A demurrer was interposed and overruled, and defendants declining to answer, judgment was entered as prayed for, establishing the agreement and decreeing distribution to plaintiffs of the proportion of the residue of the estate to which each is entitled under the terms of the said contract. From this judgment the appeal is taken.

That contracts providing for disposition of property by will are enforceable is clearly established by the authorities. There are, however, certain important conditions and limitations, hereafter to be noticed, under which a court of equity will decree a specific performance of such contracts. In the case of Johnson v. Hubbell, 10 N. J. Eq. 332, [66 Am. Dec. 776], it is said by the court of chancery of New Jersey that “the law *156 permits a man to dispose of his own property at his pleasure and no good reason can be assigned why he may not make a legal agreement to dispose of his property to a particular individual, or for a particular purpose as well by will as by a conveyance to be made at some specific future period, or upon the happening of some future event. It may be unwise for a man in this way to embarrass himself as to the final disposition of his property, but he is the disposer by law of his own fortune, and the sole and best judge as to the time and manner of disposing of it. A court of equity will decree the specific performance of such an agreement upon the recognized principles by which it is governed in the exercise of this branch of its jurisdiction.”

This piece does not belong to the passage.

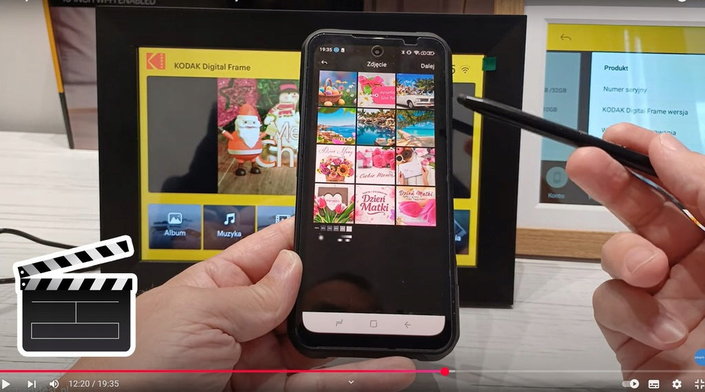- Multimedijos funkcionalumas – be nuotraukų, rėmelis taip pat palaiko vaizdo failus (MP4, MKV, MOV) ir muziką, leisdamas jums patalpinti visą multimedijos pristatymą su fonine muzika.

The reports contain many cases abounding in interesting and instructive observations upon this subject, but we content ourselves with merely a citation of some of them: Kafhaus v. Rosicky, 41 Neb. 328, [43 Am. St. Rep. 685, 59 N. W. 788] ; Lothrop v. Marble, 12 S. Dak. 511, [76 Am. St. Rep. 626, 81 N. W. 885]; Svanburg v. Fosseen, 75 Minn. 350, [74 Am. St. Rep. 490, 78 N. W. 4] ; Nowack v. Berger, 133 Mo. 24, [54 Am. St. Rep. 663, 34 S. W. 489] ; Korminsky v. Korminsky, 2 Misc. Rep. 138, [21 N. Y. Supp. 611]; Townsend v. Vanderwerker, 160 U. S. 171, [16 Sup. Ct. Rep. 258]; Whiton v. Whiton, 179 Ill. 32, [53 N. E. 722] ; Bush v. Whitaker, 45 Misc. Rep. 74, [91 N. Y. Supp. 616] ; Owens v. McNally, 113 Cal. 444, [45 Pac. 710] ; McCabe v. Healy, 138 Cal. 81, [70 Pac. 1008]; Schaadt v. Mutual Life Ins. Co., 2 Cal. App. 715, [84 Pac. 249]. The same general principles of equity jurisdiction apply to these cases, as stated in Johnson v. Hubbell, 10 N. J. Eq. 332, [66 Am. Dec. 776], that must be present in the enforcement of contracts to convey during the lifetime of the parties.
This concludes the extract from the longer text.